Research output: Contribution to journalArticlepeer-review

13 Scopus citations

Abstract

Diphtheria toxin-like ADP-ribosyltransferases catalyse a posttranslational modification, ADP-ribosylation and form a protein family of 17 members in humans. Two of the family members, tankyrases 1 and 2, are involved in several cellular processes including mitosis and Wnt/β-catenin signalling pathway. They are often over-expressed in cancer cells and have been linked with the survival of cancer cells making them potential therapeutic targets. In this study, we identified nine tankyrase inhibitors through virtual and in vitro screening. Crystal structures of tankyrase 2 with the compounds showed that they bind to the nicotinamide binding site of the catalytic domain.
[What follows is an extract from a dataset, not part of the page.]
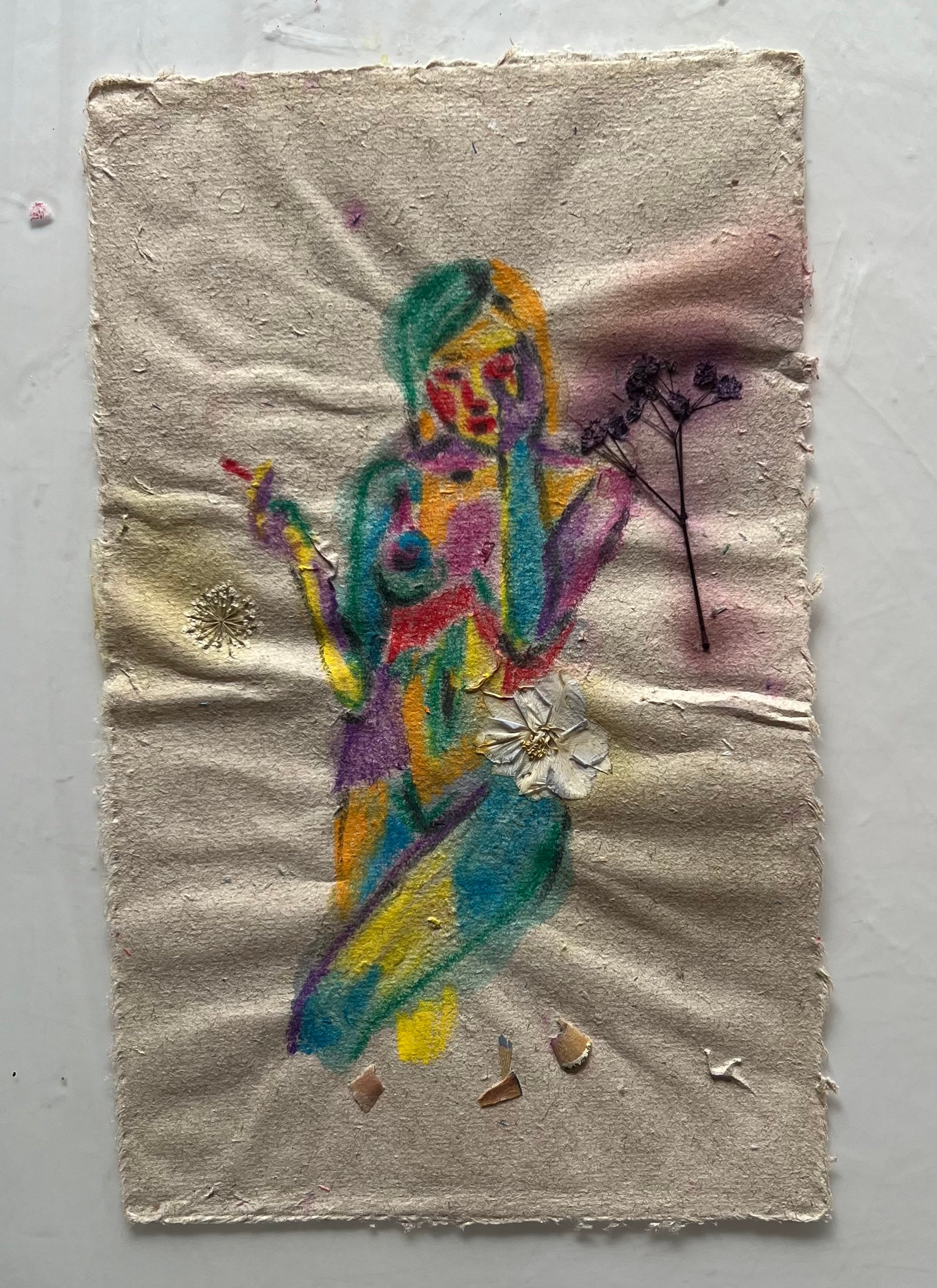 Handmade recycled paper crafted with pencil shavings and dried flowers, painted in watercolor and framed. This piece is a delicate ode to nature, intertwining organic textures with soft pigments to honor what is, perhaps, the most beautiful creation on earth — a woman. Her form, rendered in vibrant, flowing colors, carries both the strength and fragility of nature itself, capturing a sense of freedom, timelessness, and quiet vitality.

Based on the co-crystal structures we designed and synthesized a series of tetrahydroquinazolin-4-one and pyridopyrimidin-4-one analogs and were subsequently able to improve the potency of a hit compound almost 100-fold (from 11 μM to 150 nM). The most potent compounds were selective towards tankyrases over a panel of other human ARTD enzymes. They also inhibited Wnt/β-catenin pathway in a cell-based reporter assay demonstrating the potential usefulness of the identified new scaffolds for further development.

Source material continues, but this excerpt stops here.